Salah menggunakan pepatah, salah juga hasilnya. Sebab, setiap perkara pasti memiliki tempat. Begitu pula kalam hikmah.
Sesuatu yang baik, jika ditempuh dengan perkara jelek, akan menjadi jelek. Dengan kata lain plus (+) ditambah minus (-) hasilnya minus (-). Hal inilah yang dimaksud dalam salah satu rumusan fikih (baca: qa’idah fiqh), idza ijtama’a al-halâl wal-harâm ghuliba al-harâm, jika hal positif dan negatif berkumpul, maka maka hasilnya negatif.
Begitupun dalam kalam hikmah.
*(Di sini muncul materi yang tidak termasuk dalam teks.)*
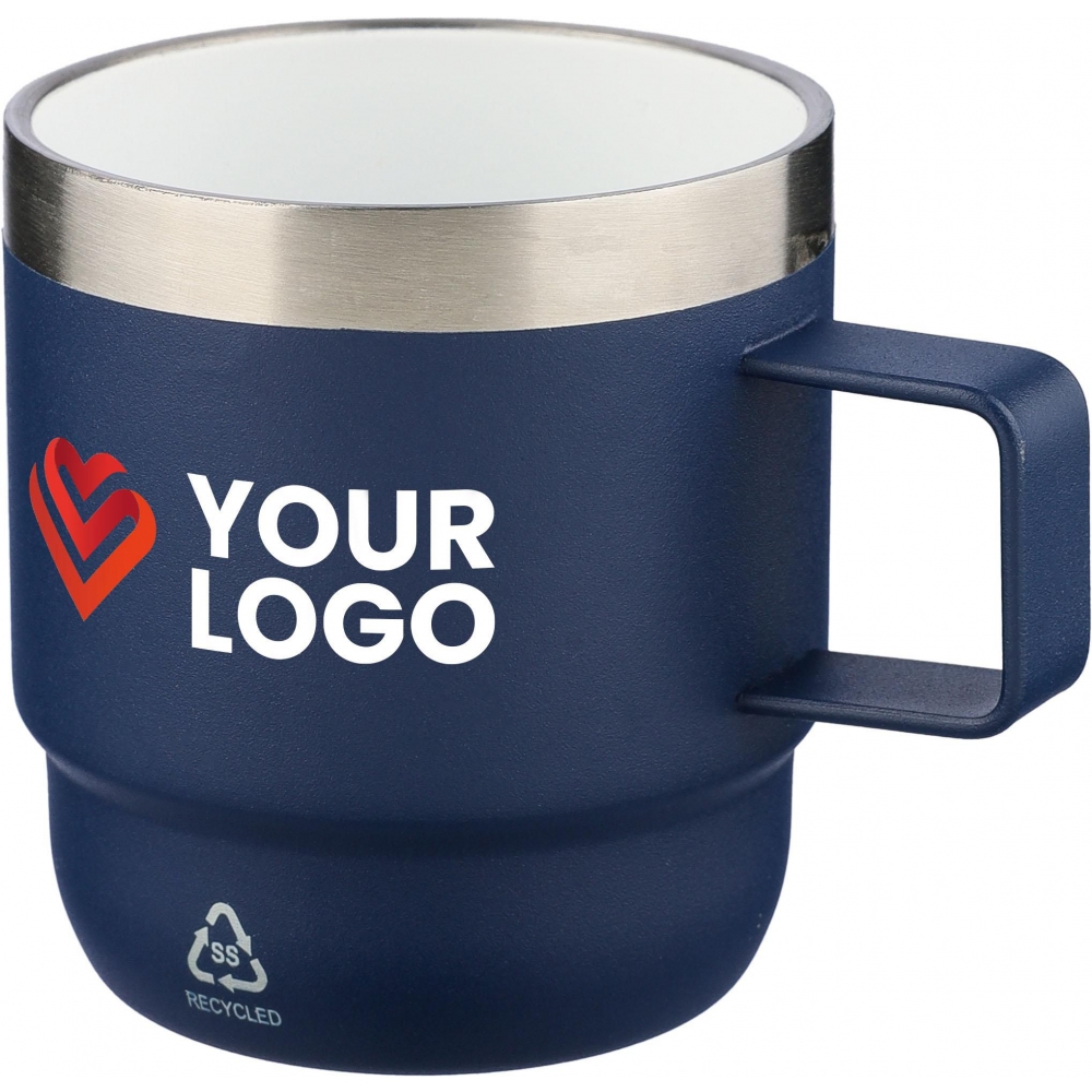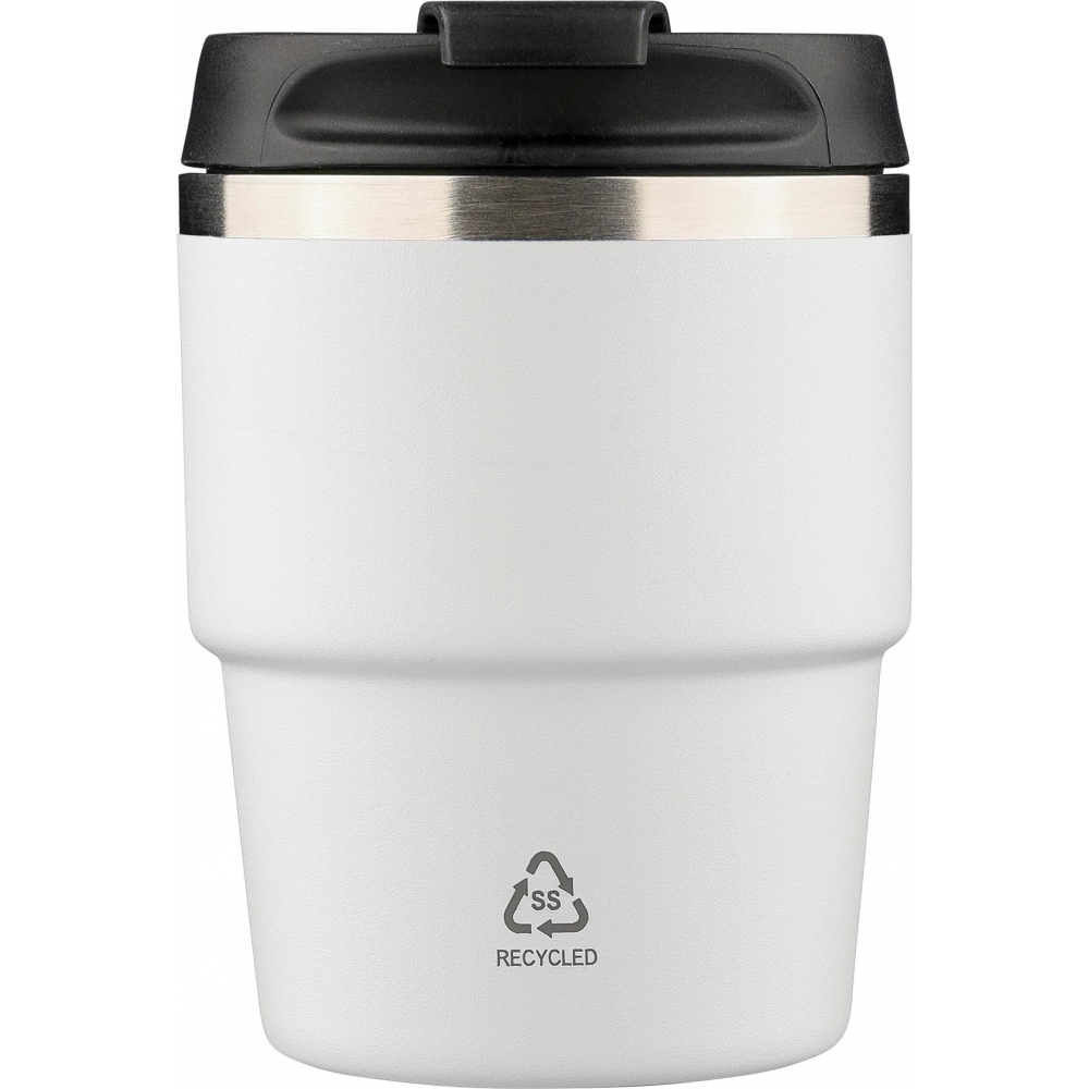 Becher aus recyceltem Edelstahl (18 ml) mit doppelwandiger Konstruktion. Innen aus Edelstahl 304 und außen aus Edelstahl 201. Die Keramikbeschichtung im Inneren sorgt für verbesserte Hygiene und reduzierte Geschmacks- und Geruchsübertragung. Mit Henkel und lasergraviertem Recycling-Logo auf der Vorderseite. Einzeln verpackt in einem braunen Karton.

Meskipun pepatahnya benar, tapi salah menempatkannya, maka hal itu tetap dianggap salah.
Hadis menerangkan ‘tamu adalah mayat’, tidak cocok jika dipakai oleh tuan rumah. Begitupun tentang ‘tamu bagaikan raja’, tidak pas jika digunakan oleh tamu. Belajar menempatkan perkataan pada tempatnya, adalah sebuah pintu menuju kebahagiaan. Mengingat, sebagus apapun kata mutiara, tapi tak ditempatkan pada semestinya, akan menjadi senjata makan tuan.
Untuk itu, jangan heran jika setiap kalam hikmah memiliki muqâbil tersendiri. Perlawanan itu bukanlah kesalahan dari qâ’il. Akan tetapi, dua kata yang sepertinya kontradiksi, memiliki perbedaan situasi dan kondisi. Sehingga, setiap meresapi kalam hikmah, kita harus mengetahui asbâbul-wurûd-nya terlebih dahulu.
Salah satu pepatah yang sering disalahgunakan adalah, “Menghormati yang lebih tua, menyayangi yang lebih muda.” Mayoritas orang tua lebih dominan memakai kalimat, “menghormati yang lebih tua”. Sedangkan kaum muda memakai, “menyayangi yang lebih tua”.
Keterbalikan itulah yang menyababkan sekelompok masyarakat hancur; kaum muda memaki orang dewasa karena “sok tua”; kaum tua memarahi pemuda karena “tak punya akhlak”.
Dari sinilah timbul perpecahan dan permusuhan, yang mana hal itu perbuatan yang sangat dicela oleh seantero negeri. Demi meredakan gejolak tersebut, muncullah pepatah, sé tóah jhé’ wah-matóah, sé kana’ je’ na’ makana’. Yang tua jangan sok tua, yang muda jangan sok muda.
Saya teringat, sebuah tulisan yang tertempel di setiap tong sampah, “Buanglah sampah pada tempatnya”. Saya merenung sejenak, seandainya orang menyadari, bahwa salah menempatkan kalam hikmah adalah ‘sampah’, niscaya akan dibuang jauh-jauh. Dengan begitu, secara otomatis, kehidupan ini aman dan bersih permusuhan.
Karena itulah, bagi yang belum merasa, tempel di jidat masing-masing, “BUANGLAH TEMPAT PADA SAMPAHNYA”.